**TASK BRIEF:**
Could you restate the whole listing below word for word, minus the pictures?

**DATASET CONTENT:**
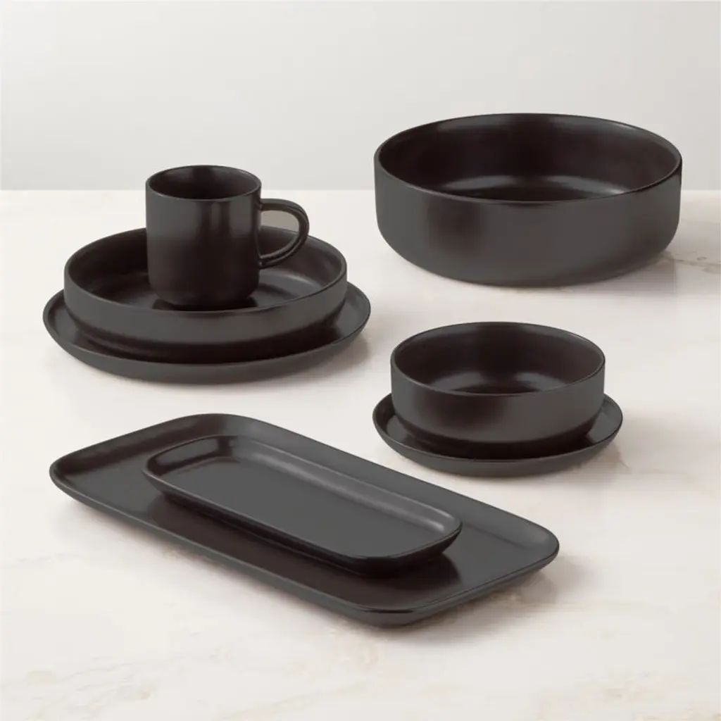Crafted of porcelain for tradition and durability, minimalist salad plate from award-winning Japanese designer Ryuichi Kozeki easily transitions from casual to formal settings. Featuring clean, raised edges, the modern silhouette is glazed by hand in sleek black for an elegant finish with a soft sheen. For a coordinated table, pair with the other pieces in the Mori dinnerware and serveware collections. CB2 exclusive.
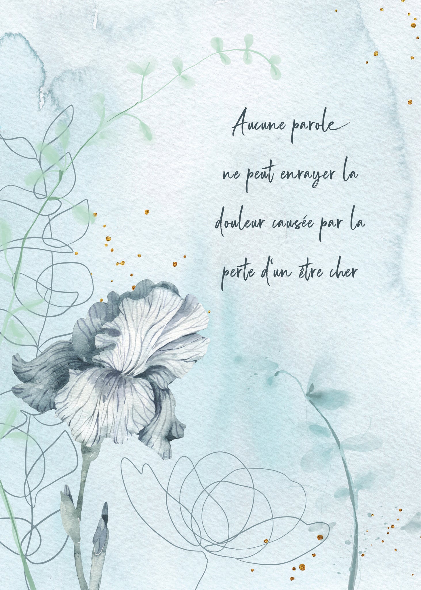 Carte 5″ x 7″ imprimée sur du papier lin couleur. À l’intérieur: Je suis de tout cœur avec toi et ta famille en cette période difficile. Imprimé au Canada.
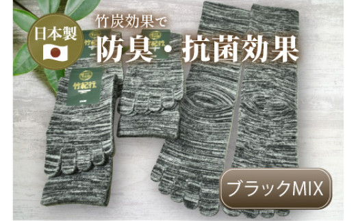 - 竹紀行5本指タウンソックス(ブラックMIX4足)《 送料無料 おすすめ 靴下 保湿 消臭 抗菌 肌に優しい 履き心地抜群 5本指ソックス 父の日 》【2401T02309_03】
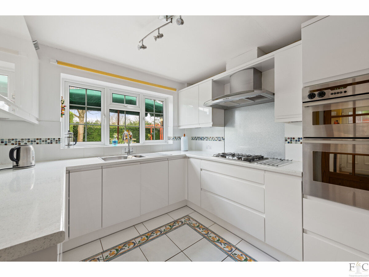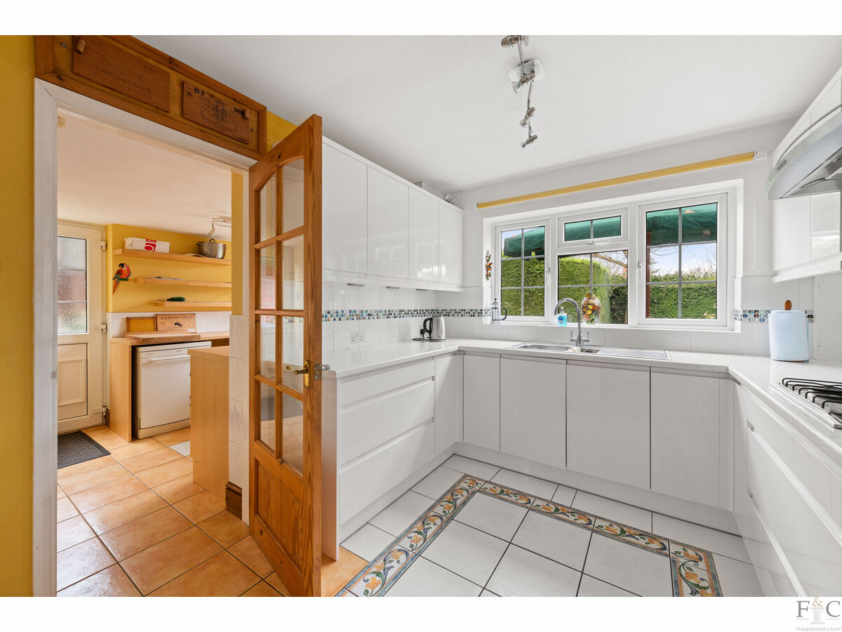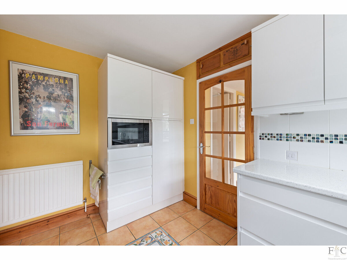 The kitchen provides storage space and countertops for food preparation against four walls. The smooth, handleless units are in white and the integrated appliances include a hob with extractor hood, double oven, microwave and a dishwasher. Both the kitchen and utility have tiled flooring and sinks under the windows looking out towards the garden. The utility has additional worktops and cupboards, with plumbing for all laundry needs, including space for a washing machine and vented tumble drier. A back door from here allows access into the garden and lastly, there is a further internal door to a room currently used for storage.

**EXERCISE ANSWER:**
Crafted of porcelain for tradition and durability, minimalist salad plate from award-winning Japanese designer Ryuichi Kozeki easily transitions from casual to formal settings. Featuring clean, raised edges, the modern silhouette is glazed by hand in sleek black for an elegant finish with a soft sheen. For a coordinated table, pair with the other pieces in the Mori dinnerware and serveware collections. CB2 exclusive.
 Carte 5″ x 7″ imprimée sur du papier lin couleur. À l’intérieur: Je suis de tout cœur avec toi et ta famille en cette période difficile. Imprimé au Canada.
 - 竹紀行5本指タウンソックス(ブラックMIX4足)《 送料無料 おすすめ 靴下 保湿 消臭 抗菌 肌に優しい 履き心地抜群 5本指ソックス 父の日 》【2401T02309_03】
 The kitchen provides storage space and countertops for food preparation against four walls. The smooth, handleless units are in white and the integrated appliances include a hob with extractor hood, double oven, microwave and a dishwasher. Both the kitchen and utility have tiled flooring and sinks under the windows looking out towards the garden. The utility has additional worktops and cupboards, with plumbing for all laundry needs, including space for a washing machine and vented tumble drier. A back door from here allows access into the garden and lastly, there is a further internal door to a room currently used for storage.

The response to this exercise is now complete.